The lesson to be learned from all of this is that if, like myself, you are a traditional rightist who dislikes and distrusts populism and nationalism, then you should not make it so that the victims of liberalism have no other means than populist nationalism to find redress for their grievances.

If, like many Christian traditionalists I have read, you are distressed that a vulgar man of low moral character has been catapulted into the most powerful position in the world by appealing to the interests of the white working and middle classes, then perhaps you should have spoken up for their interests yourselves.

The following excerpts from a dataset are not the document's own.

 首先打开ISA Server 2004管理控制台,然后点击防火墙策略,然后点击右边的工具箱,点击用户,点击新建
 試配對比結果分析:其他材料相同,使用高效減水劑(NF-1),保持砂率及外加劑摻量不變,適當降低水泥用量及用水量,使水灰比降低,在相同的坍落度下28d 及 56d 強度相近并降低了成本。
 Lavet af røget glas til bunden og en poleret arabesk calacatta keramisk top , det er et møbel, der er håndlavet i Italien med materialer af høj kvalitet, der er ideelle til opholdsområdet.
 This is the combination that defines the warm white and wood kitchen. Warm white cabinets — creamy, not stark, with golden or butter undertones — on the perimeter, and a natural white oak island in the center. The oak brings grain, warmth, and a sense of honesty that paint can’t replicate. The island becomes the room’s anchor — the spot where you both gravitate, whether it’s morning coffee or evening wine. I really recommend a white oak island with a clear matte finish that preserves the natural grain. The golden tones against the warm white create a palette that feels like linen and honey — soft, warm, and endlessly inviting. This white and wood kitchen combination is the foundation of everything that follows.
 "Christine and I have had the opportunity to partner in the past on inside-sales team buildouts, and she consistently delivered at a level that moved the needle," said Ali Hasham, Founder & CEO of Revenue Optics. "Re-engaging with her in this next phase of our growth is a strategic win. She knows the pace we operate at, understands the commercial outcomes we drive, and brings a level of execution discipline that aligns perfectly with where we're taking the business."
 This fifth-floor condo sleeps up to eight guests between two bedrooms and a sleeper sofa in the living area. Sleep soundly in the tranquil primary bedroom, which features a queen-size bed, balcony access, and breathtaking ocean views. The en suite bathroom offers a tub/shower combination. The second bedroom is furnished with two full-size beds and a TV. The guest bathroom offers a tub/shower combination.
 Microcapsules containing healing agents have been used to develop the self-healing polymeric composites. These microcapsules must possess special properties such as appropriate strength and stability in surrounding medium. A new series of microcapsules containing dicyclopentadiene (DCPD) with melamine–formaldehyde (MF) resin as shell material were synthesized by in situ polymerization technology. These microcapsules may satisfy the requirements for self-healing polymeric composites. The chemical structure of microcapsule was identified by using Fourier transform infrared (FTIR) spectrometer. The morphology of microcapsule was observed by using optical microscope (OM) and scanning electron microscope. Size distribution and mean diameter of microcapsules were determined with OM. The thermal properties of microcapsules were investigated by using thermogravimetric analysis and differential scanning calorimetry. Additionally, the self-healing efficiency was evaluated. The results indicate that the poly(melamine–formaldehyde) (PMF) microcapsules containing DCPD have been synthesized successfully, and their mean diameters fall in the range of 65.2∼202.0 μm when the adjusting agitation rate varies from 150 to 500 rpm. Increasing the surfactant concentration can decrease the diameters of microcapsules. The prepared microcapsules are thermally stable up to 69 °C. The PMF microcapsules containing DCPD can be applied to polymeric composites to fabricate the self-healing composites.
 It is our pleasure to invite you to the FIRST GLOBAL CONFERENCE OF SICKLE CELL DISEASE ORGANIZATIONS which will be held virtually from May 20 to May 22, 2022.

If you find the crude but effective term that the alt-right has coined for pro-immigration, pro-free trade “conservatives” who condemn anti-immigration, anti-free trade whites as “racists” to be disgusting than you ought to do something about the treacherous impiety the term designates. If you do not like the signifier, do something about what it signifies.

At the risk of blowing my own horn, I can say that my own conscience is clear on these matters, at least. For as long as I have been writing, my essays have concentrated on arguing for the Tory principles that I have believed in all of my life – royalism and monarchy, Canada, her Loyalist history and heritage, the Westminster parliamentary system of government, institutional religion, our Common Law rights and freedoms – and against the moral, social, and cultural decline and decay of our society. At the same time, I have written in opposition to the kind of mass immigration that is radically changing the makeup of our country, against the antiracism that is merely a cloak for antiwhite bigotry, and against every kind of political correctness. Far too much is at stake with the latter set of issues – alt-right issues if you will – to allow them to become exclusively the property of radicals who may or may not care about the former set of principles.

(1) That’s right, Hitler was a leftist, not a leader of the “far right” as we often hear. He was a revolutionary who hated everything the right believed in and stood for – royalty, aristocracy, and the church. There was no liberalism in his leftism, but the movement he headed was a synthesis of two nineteenth century leftist movements – nationalism and socialism – and his animosity towards the Bolsheviks was that of a twin rival, not of a polar opposite.